# Driftwood and rock supply?



## Dawna (Jul 29, 2013)

I am looking for specific rocks. Seeking small slate rocks AND ones that look like these: http://i1.ytimg.com/vi/Khog4yEz_AU/maxresdefault.jpg that can fit a 5 gallon, or 10gallon. Does anyone know any pet stores with these types of rocks for cheap let me know. Just need a bunch of small ones to place in front of driftwoods.

Also seeking a load of tiny twig like driftwoods, kind of like the ones you pick off a tree in front of your house but safe for aquarium and already been boiled and sink.
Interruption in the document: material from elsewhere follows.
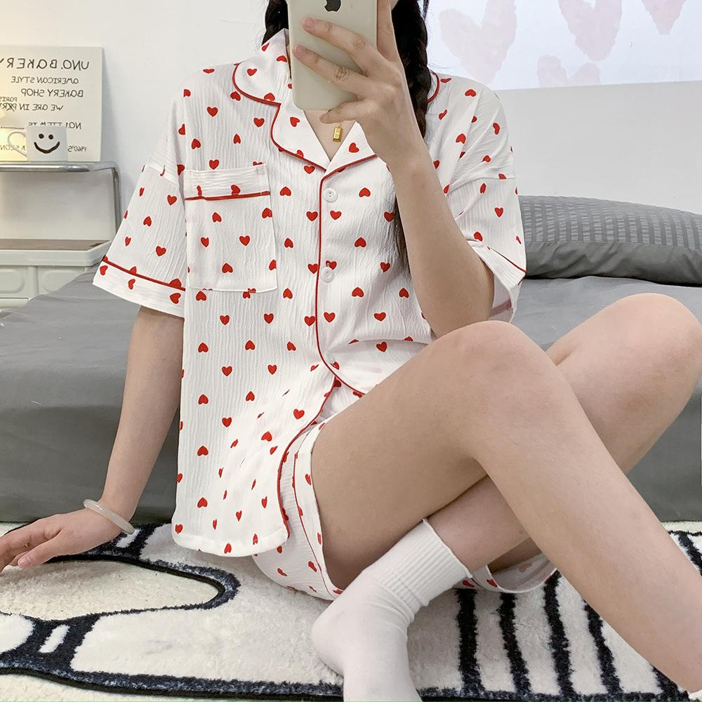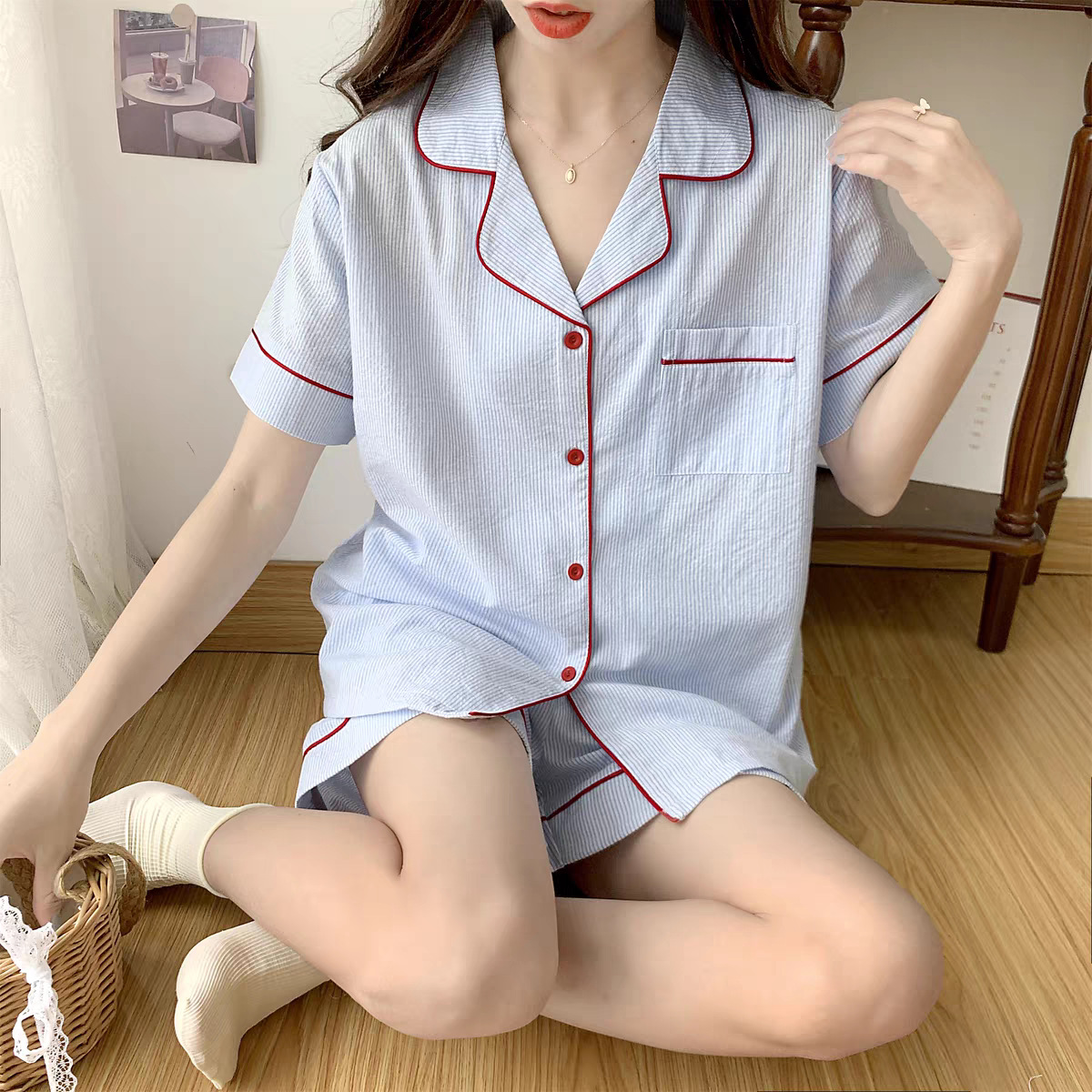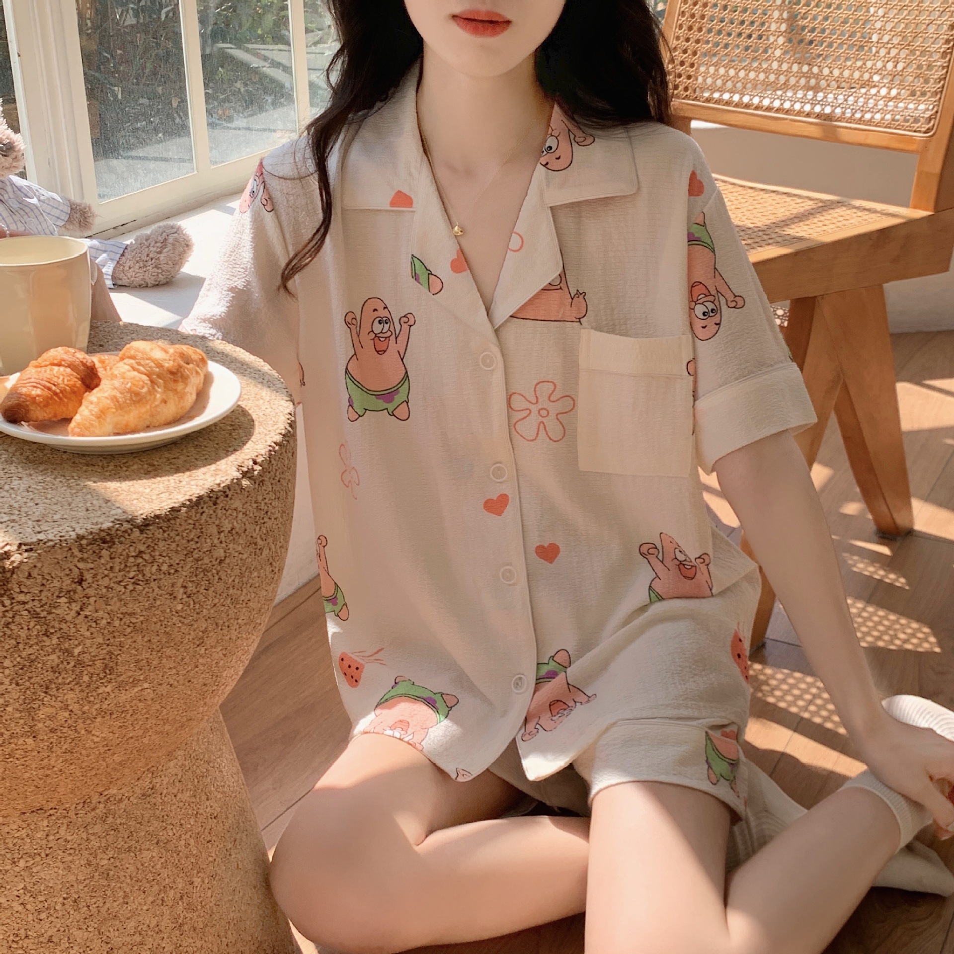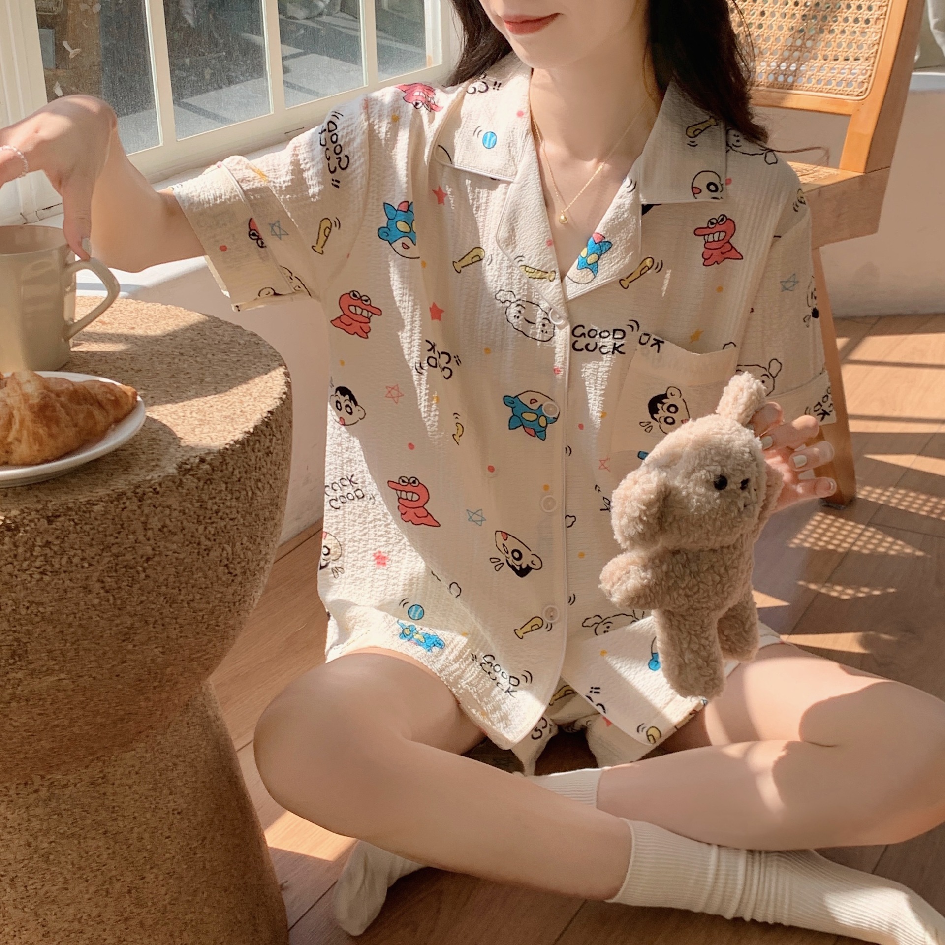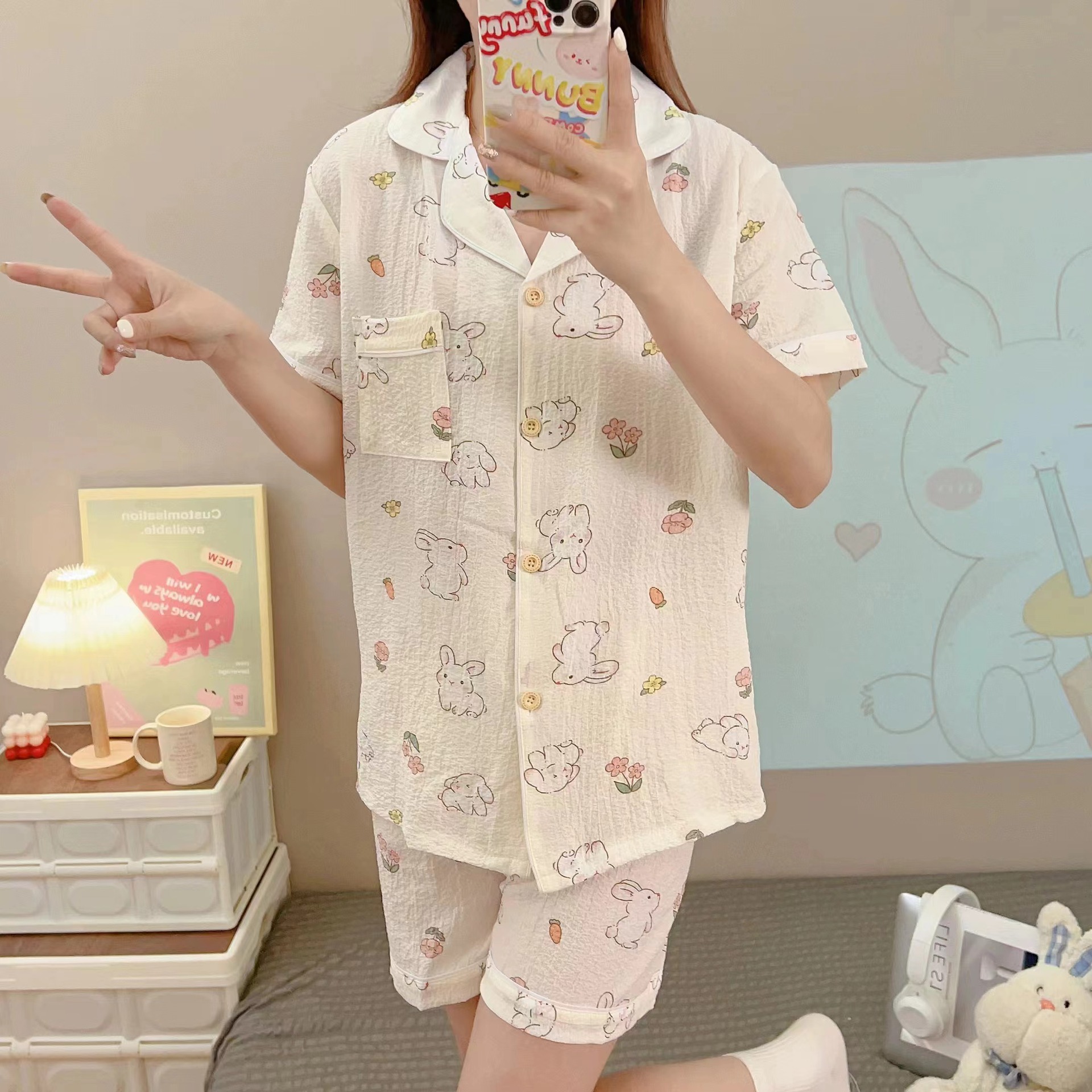 Ins 목가적 인 스타일 꽃 무늬 버블 코튼 잠옷 여성 여름 카디건 옷깃 반팔 반바지 공주 스타일 홈웨어 세트스토어 가기

Stores always have huge twig driftwoods or small thick blob driftwoods


----------



## Adz1 (Apr 21, 2010)

land scape supply store for the rock...
and a walk down most river beds or lakes for the twigs


----------



## Dawna (Jul 29, 2013)

Adz1 said:


> land scape supply store for the rock...
> and a walk down most river beds or lakes for the twigs


Do you know any landscape supply stores in vancouver?


----------



## indefine (Aug 10, 2013)

those rocks look like they are basalt. you can find them at:

http://www.landscapesupply.com/catalog/

and/or

http://www.landscapecentre.com/

however, they may not have sizes as small as you are looking for. the smallest ones i've found at northern landscape supply is about 6"x6" and are typically a bit more flat faced (without the nice jaggy features). the next size up are the half man boulders which are upwards of about 12". you might dig around in their rock pits tho and find broken off chunks that might be small enough. the yard in coquitlam has only half man boulders in baskets, so you probably wont find a lot of small pieces there. best bet is northern landscape supply.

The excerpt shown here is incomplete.